*** Records supplied ***

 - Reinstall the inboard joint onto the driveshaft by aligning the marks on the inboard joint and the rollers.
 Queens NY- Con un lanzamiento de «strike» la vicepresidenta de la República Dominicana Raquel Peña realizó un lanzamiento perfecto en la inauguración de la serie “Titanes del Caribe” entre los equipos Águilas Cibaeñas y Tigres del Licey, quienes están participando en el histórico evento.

*** End of Records supplied ***
*** Records supplied ***

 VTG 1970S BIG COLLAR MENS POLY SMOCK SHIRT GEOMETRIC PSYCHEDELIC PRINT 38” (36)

*** End of Records supplied ***

— Assignment —
Please give an exact copy of the entries above, from the line with "- Reinstall the" down to the line with "Queens NY- Con", inclusive, and nothing else.

— Expected answer —
 - Reinstall the inboard joint onto the driveshaft by aligning the marks on the inboard joint and the rollers.
 Queens NY- Con un lanzamiento de «strike» la vicepresidenta de la República Dominicana Raquel Peña realizó un lanzamiento perfecto en la inauguración de la serie “Titanes del Caribe” entre los equipos Águilas Cibaeñas y Tigres del Licey, quienes están participando en el histórico evento.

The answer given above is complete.